**Dataset section**
* * * *

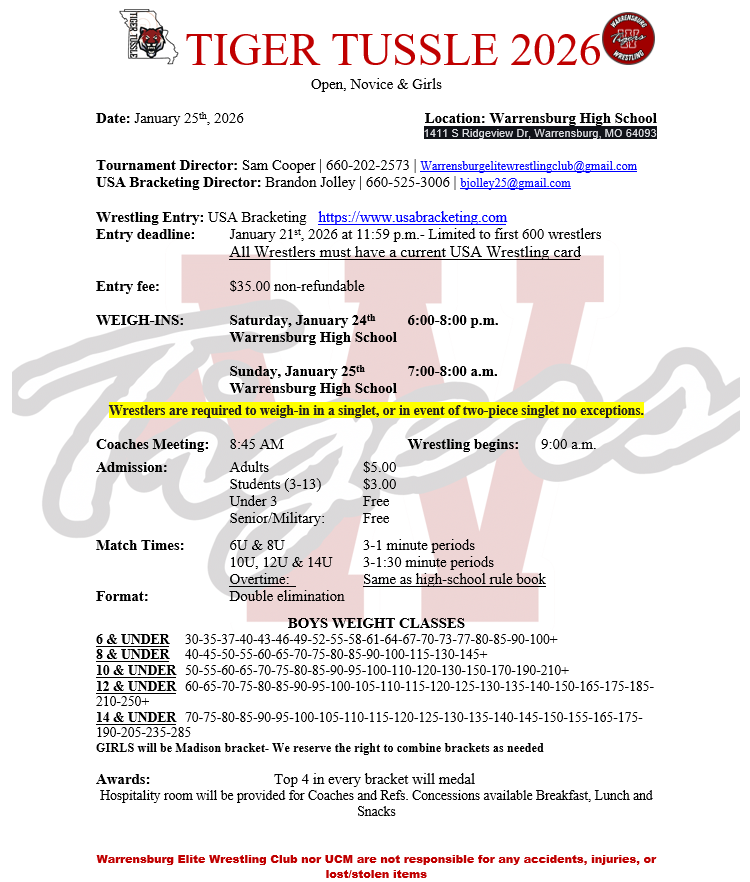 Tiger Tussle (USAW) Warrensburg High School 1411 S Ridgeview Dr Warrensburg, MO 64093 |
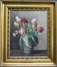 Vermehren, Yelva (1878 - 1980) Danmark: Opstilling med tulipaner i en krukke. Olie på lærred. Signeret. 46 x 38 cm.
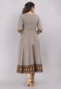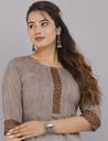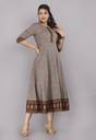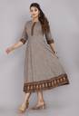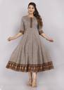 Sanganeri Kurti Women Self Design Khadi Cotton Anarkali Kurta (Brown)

* * * *

**Problem to work on**
The expected answer is the line with "Vermehren, Yelva (1878" followed by every remaining line of the listing, each restated exactly, with all pictures dropped.

**Your solution**
 Vermehren, Yelva (1878 - 1980) Danmark: Opstilling med tulipaner i en krukke. Olie på lærred. Signeret. 46 x 38 cm.
 Sanganeri Kurti Women Self Design Khadi Cotton Anarkali Kurta (Brown)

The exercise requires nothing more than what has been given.